Who wouldn't like the price of the Diamond :wink:

I don't know about either the Diamond or the Wonder Wool, but I wouldn't buy either, afer all these years of being a cheapie on tack, having owned a 5 Star, I would personally save up and buy another. Love the quality, fit and feel, and as it is directly on the horses back, well not a place to skimp.


----------



## trailhorserider (Oct 13, 2009)

Thanks guys! I adore my 5-star. That would definitely be my first choice. I went and looked at them though and it would be well over $200 for a 1" 5-star. I think the one I was looking at specifically which was 1" natural color, 32x32 was $244 at Jeffers, which seemed to be one of the cheapest places. Sigh! Yeah, maybe I should just wait and get that one, but I want my horse tack "fix" now! :lol:

This Diamond Wool at Jeffers is an outstanding price and everyone who gave it a review loves it:
http:// http://www.jefferspet.com/ranch-tough-contoured-pad/camid/EQU/cp/3B-R1/

I know it's not the same high quality, but I don't think it's bad quality either because I have a Diamond Wool that I bought about 15 years ago and it's a pretty decent pad. The wool compacted slightly at the shoulders, but hey, to give it credit the pad is 15 years old! The only reason I don't like using it anymore is that it's not a contour shape and I've grown to love a contour. The stay up off the withers whereas the non-contour always moves down onto the withers even if I pull it into the gullet when I saddle up. Part of me says just get one of these and replaced it in a few years if I want to.....after all, you could go through about 4 of these for the price of one 5-star!

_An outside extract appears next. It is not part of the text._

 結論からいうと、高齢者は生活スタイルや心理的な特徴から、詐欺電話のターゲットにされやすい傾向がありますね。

The other thing that is good about Diamond Wool is I know the wool is soft. And 5-Star is soft. I have seen some wool felt pads that are very stiff. I don't know if that makes them better or worse, but part of the reason the 5-star is so nice is that it really molds to the shape of the horse and I think the Diamond Wool will too.

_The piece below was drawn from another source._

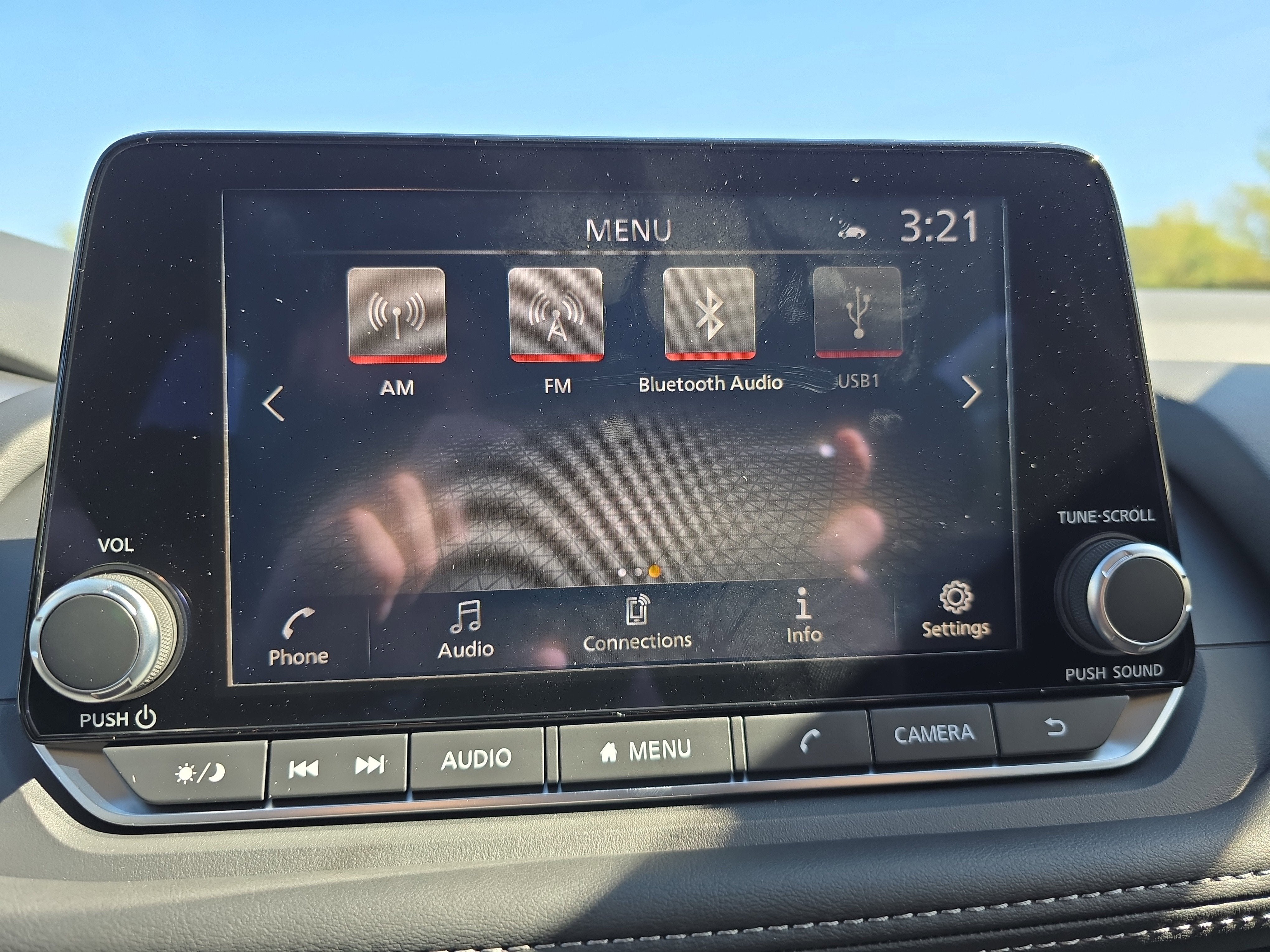 - Radio: AM/FM NissanConnect -inc: 6 speakers plus 2 tweeters, Apple CarPlay, Android Auto, 8" color touch screen display, Bluetooth®, 2 front USB type-C, Wi-Fi hotspot and NissanConnect Services powered by SiriusXM

So that leaves me leaning towards Diamond Wool. 

Smrobs, do the folks that you know who use Diamond Wool just use one of their cheapier ones? Diamond Wool has pads all they way up to the price of 5-Star, but I might as well buy a 5-star if I am going to spend $200. But everyone seems to love their $65 version?

(I know I can get the canvas tops and such too, but I'm talking about the felt quality.)


----------



## smrobs (Jul 30, 2008)

I have one of their cheaper ones and I can't complain about anything with it. It's got great support.

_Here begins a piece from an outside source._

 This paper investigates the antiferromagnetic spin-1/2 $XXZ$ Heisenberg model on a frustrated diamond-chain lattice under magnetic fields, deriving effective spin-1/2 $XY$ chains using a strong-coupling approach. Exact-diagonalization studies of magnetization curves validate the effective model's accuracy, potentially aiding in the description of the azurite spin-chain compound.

Most of the folks around here who use diamond either use the same one I do (the one I posted above) or they go ahead and get the natural shade one that's a bit more expensive
DIAMOND WOOL PAD COMPANY - Diamond Wool 1" Contoured Cowboy Pad - NRSworld.com
and I've never really heard about much difference in functionality between the two. I suppose if there was a horse that had _really_ sensitive skin, they might notice a difference between the virgin wool and the regular wool.


Still cheaper than a 5-star though LOL.


----------



## trailhorserider (Oct 13, 2009)

smrobs said:


> I have one of their cheaper ones and I can't complain about anything with it. It's got great support.
> 
> Most of the folks around here who use diamond either use the same one I do (the one I posted above) or they go ahead and get the natural shade one that's a bit more expensive
> DIAMOND WOOL PAD COMPANY - Diamond Wool 1" Contoured Cowboy Pad - NRSworld.com
> ...


Yeah, I saw that one too but when I went to find it I couldn't find it again! They also have a $200 version that is all virgin wool felt.

Most of the time I use a wool Mayatex blanket next to the horse with the pad on top. And that generally works pretty well for me. But for some reason blankets really travel out from under the pad on Zane, so I have been using a pad alone with him. 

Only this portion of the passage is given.